(Stored entries)
[Start of Attachment]

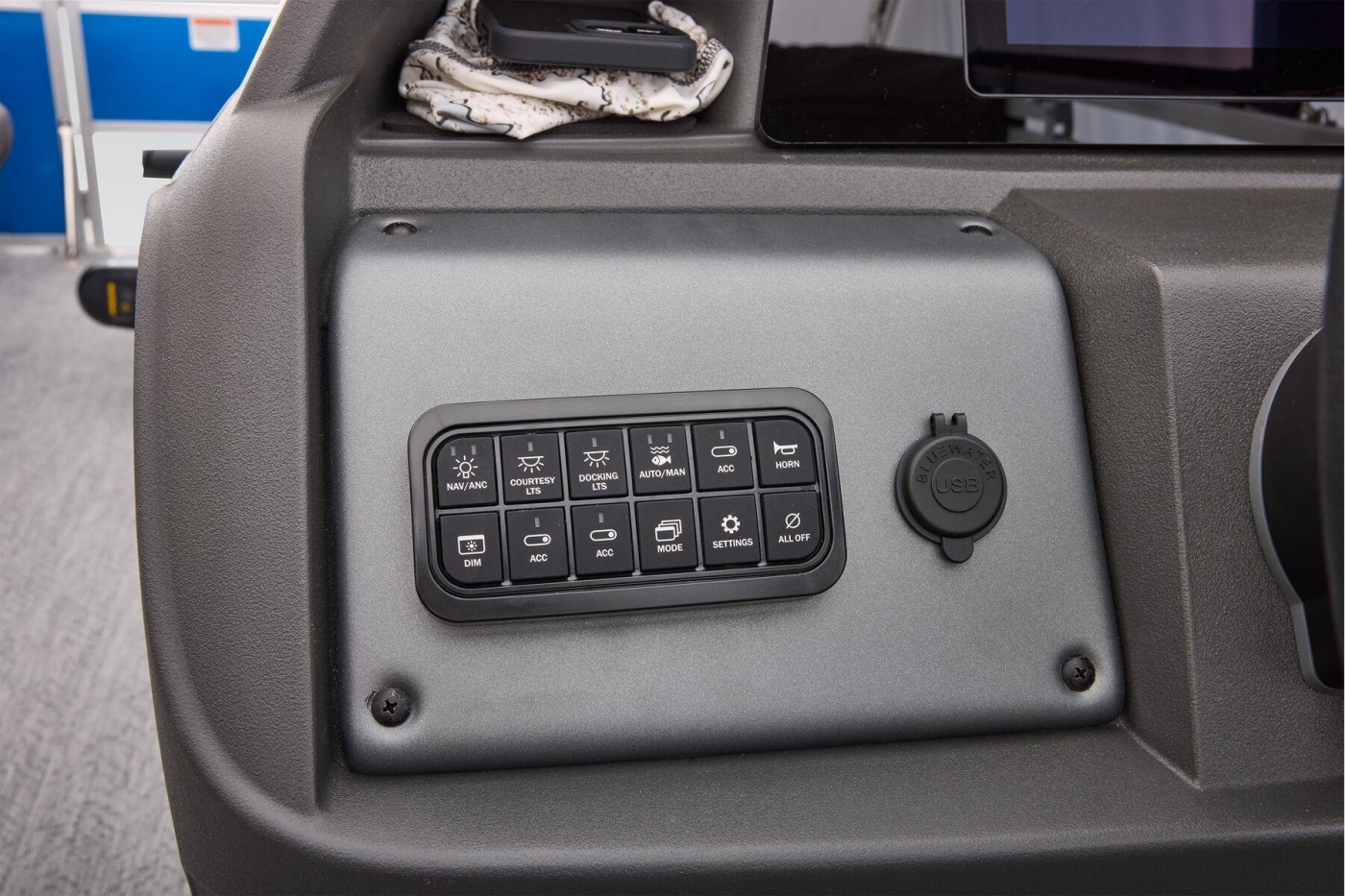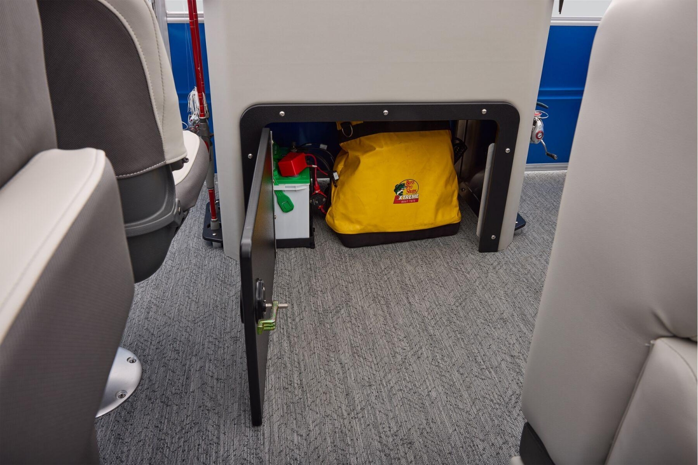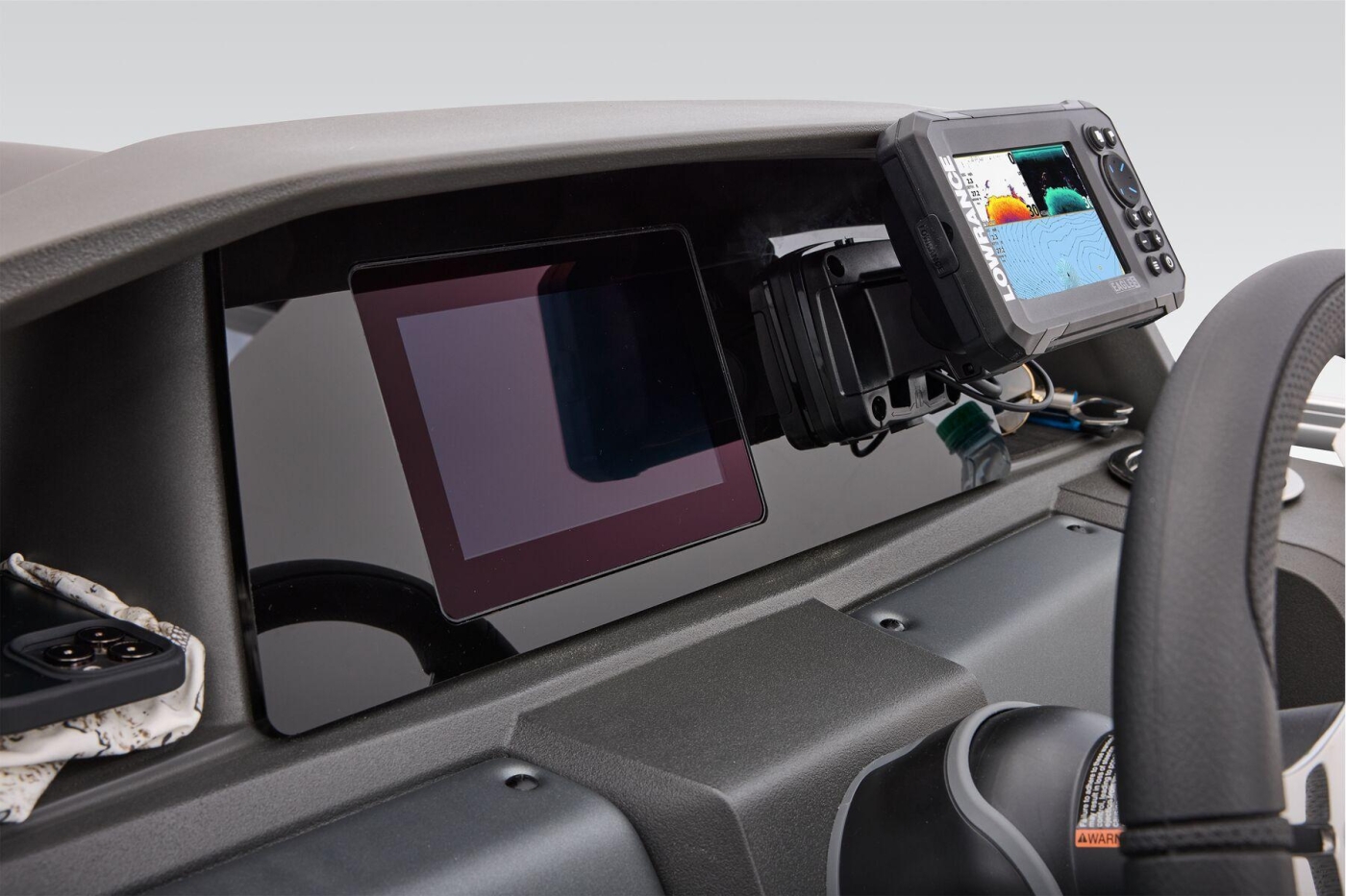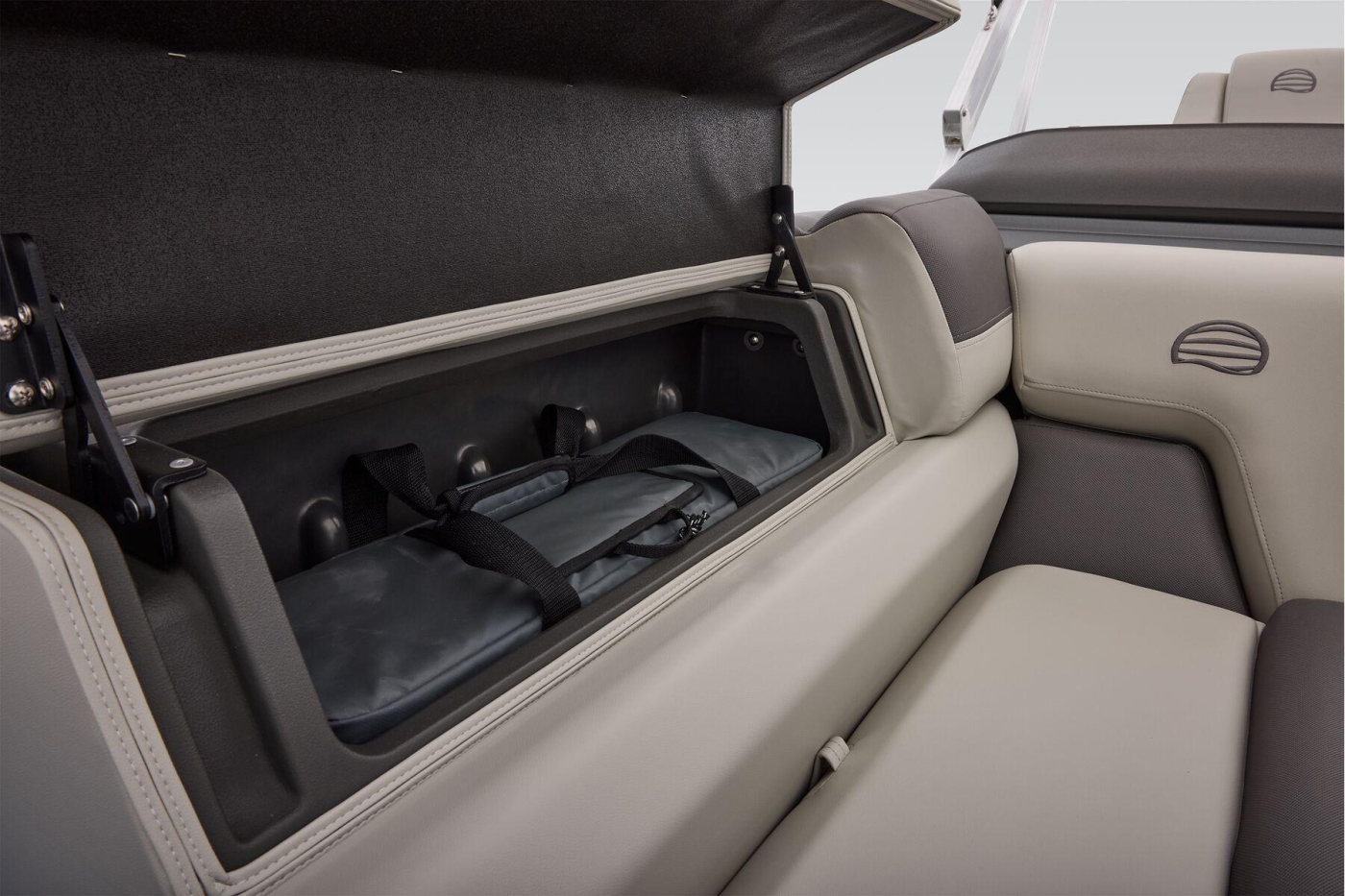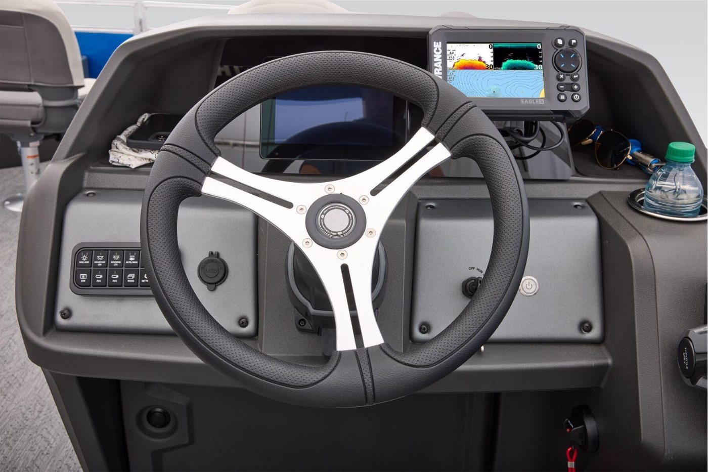 This fishing pontoon’s 19' 10" deck fits up to 10 people looking for a great day of casting lines. When it’s time for lunch, set up the removable table with drink holders near the comfortable L-shaped aft lounge. Your guests can also relax in the lounge seat in front of the driver’s console.
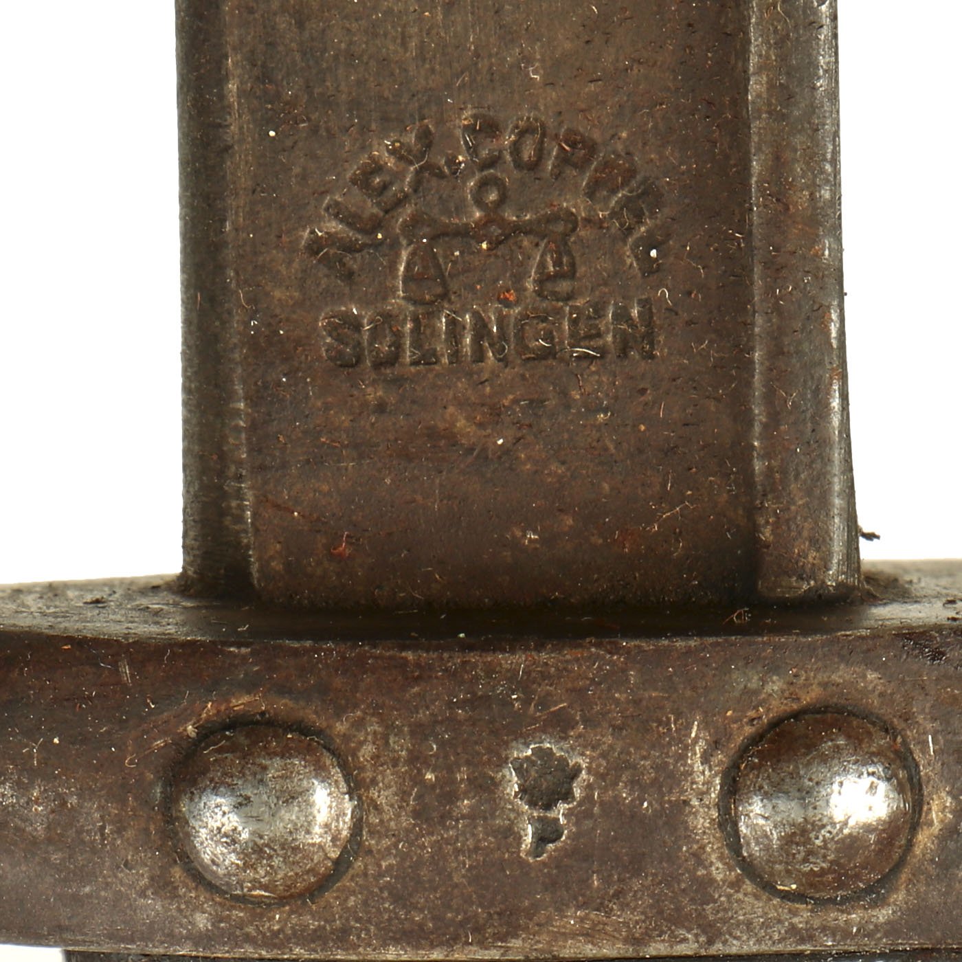 The blade ricasso is maker marked ALEX. COPPEL / SOLINGEN, around the trademark "Scales" logo, indicating manufacture by Alexander Coppel & Co. located in the legendary "City of Blades", Solingen. This company made large amounts of export bayonets during the 19th century, and also manufactured bayonets for many years and up through WWII under the name Alcoso. Sadly, as the Coppel family was Jewish, they saw their company stolen from them and "Aryanized" during WWII by the NSDAP. For more information please see J. Anthony Carter’s work GERMAN KNIFE AND SWORD MAKERS.
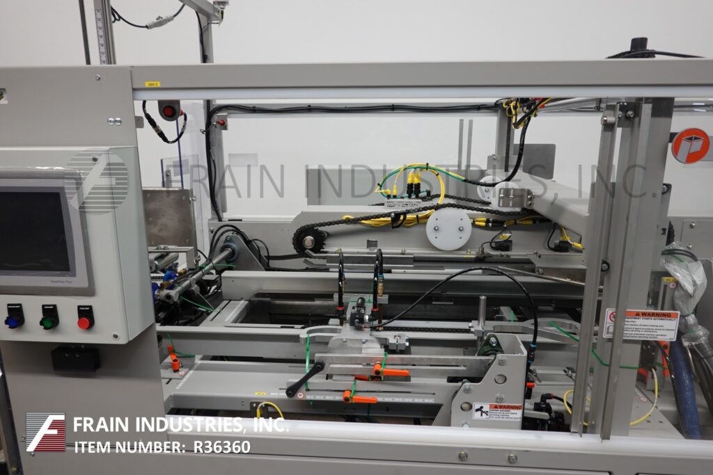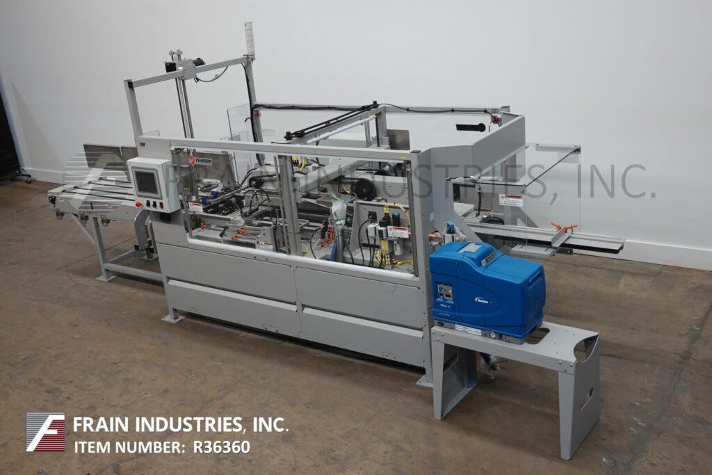 Back to All EquipmentPearson, Model CE35G, Automatic, inline, case erector and hot melt glue bottom sealer rated from 10 to 35 cases per minute – depending on materials, application and machine configuration. Mild steel construction with standard powder coat flint grey fine texture coating. Case size range: 6" to 23½" in Length; 5" to 16" in Width, 3½" to 18½" in Depth and capable of handling CSSC, FOL, HSC, RSC and RSC with integral divider cases with proper change parts. Equipped with extended (4) chain automatic blank case magazine, suction cup pic n place with case erecting squaring system and top hold down, hand crank height and width adjustable, has top flap lifters and rear flap closers with plow and Nordson hot melt glue system. Control panel has A/B controller with A/B PanelView touch screen HMI and statis light bar. Mounted on heavy duty frame with interlock safety guarding.
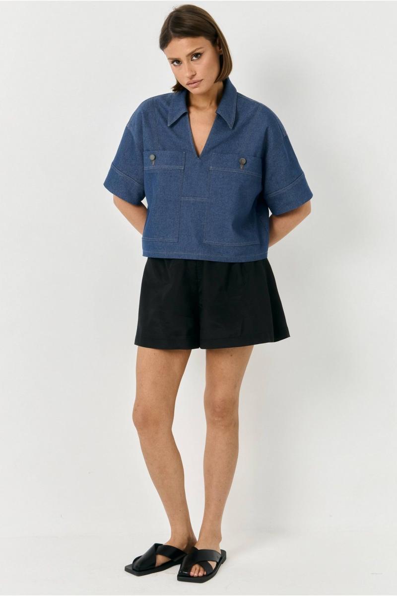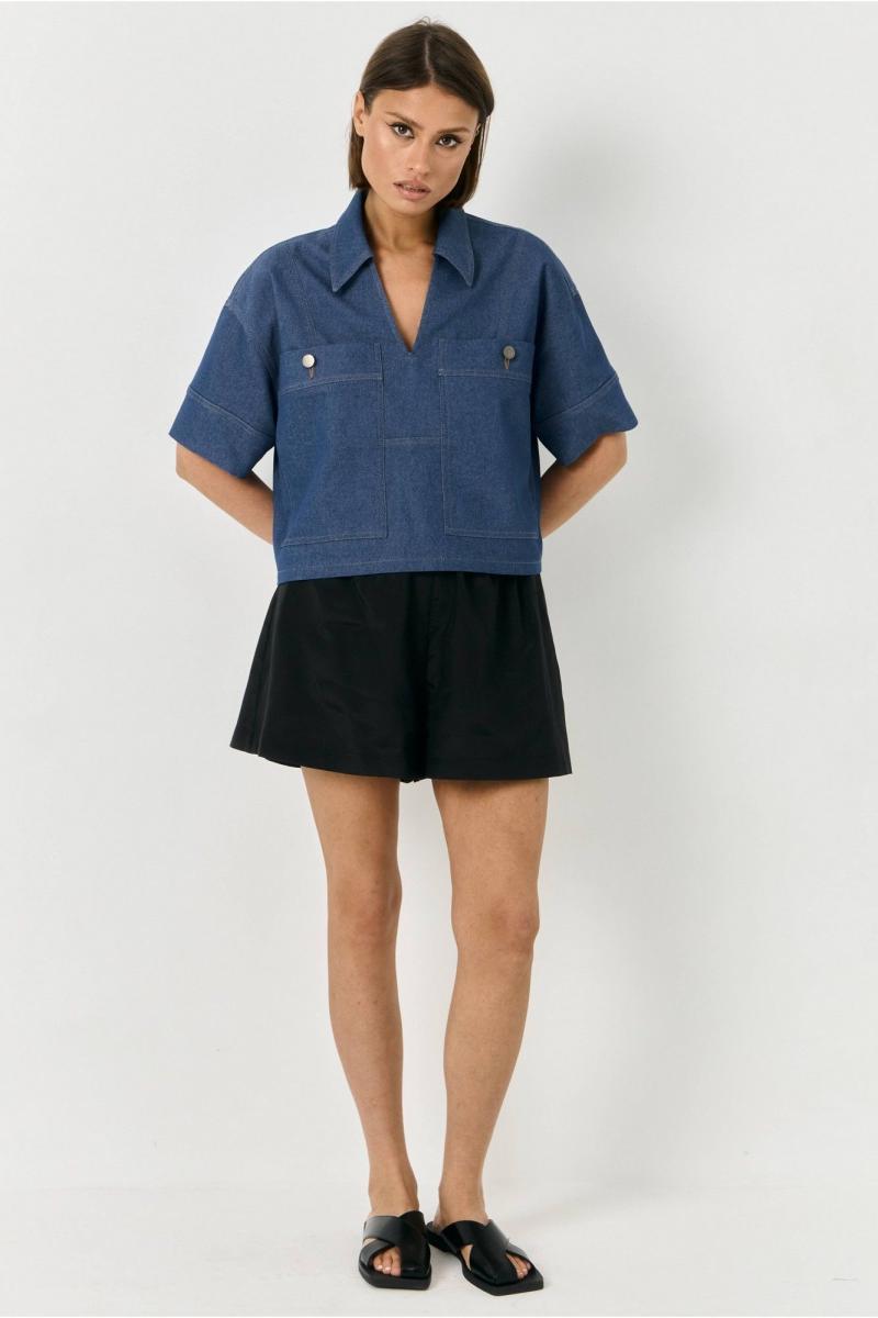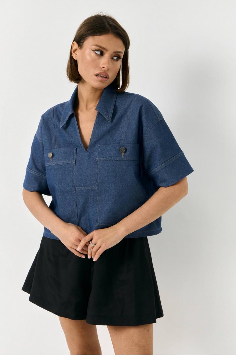 Рубашка прямого свободного кроя из хлопковой джинсовой ткани. Рубашка с V-образным вырезом. По переду накладные карманы. Декоративные швы по изделию.
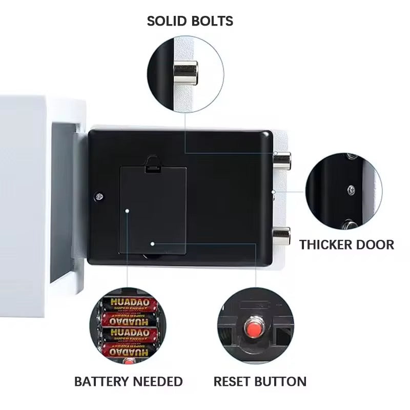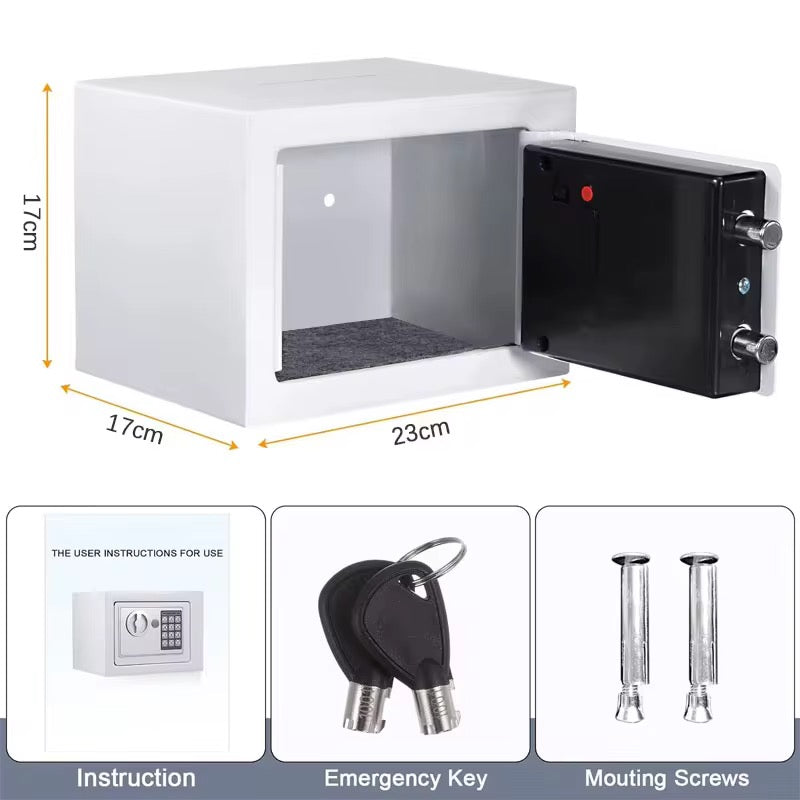 Proteggi i tuoi oggetti più preziosi con la nostra Cassaforte Digitale in Acciaio, la soluzione ideale per casa, ufficio o hotel. Grazie al suo design compatto e robusto, questa cassaforte offre una protezione affidabile contro il furto, permettendoti di custodire contanti, gioielli, documenti importanti e dispositivi elettronici in totale tranquillità.

[End of Attachment]

(WHAT YOU NEED TO DO) Copy out, exactly and without pictures, each line from the one containing "Рубашка прямого свободного" through the final line of the entries, both ends included.

(RESPONSE TO THIS EXERCISE)
 Рубашка прямого свободного кроя из хлопковой джинсовой ткани. Рубашка с V-образным вырезом. По переду накладные карманы. Декоративные швы по изделию.
 Proteggi i tuoi oggetti più preziosi con la nostra Cassaforte Digitale in Acciaio, la soluzione ideale per casa, ufficio o hotel. Grazie al suo design compatto e robusto, questa cassaforte offre una protezione affidabile contro il furto, permettendoti di custodire contanti, gioielli, documenti importanti e dispositivi elettronici in totale tranquillità.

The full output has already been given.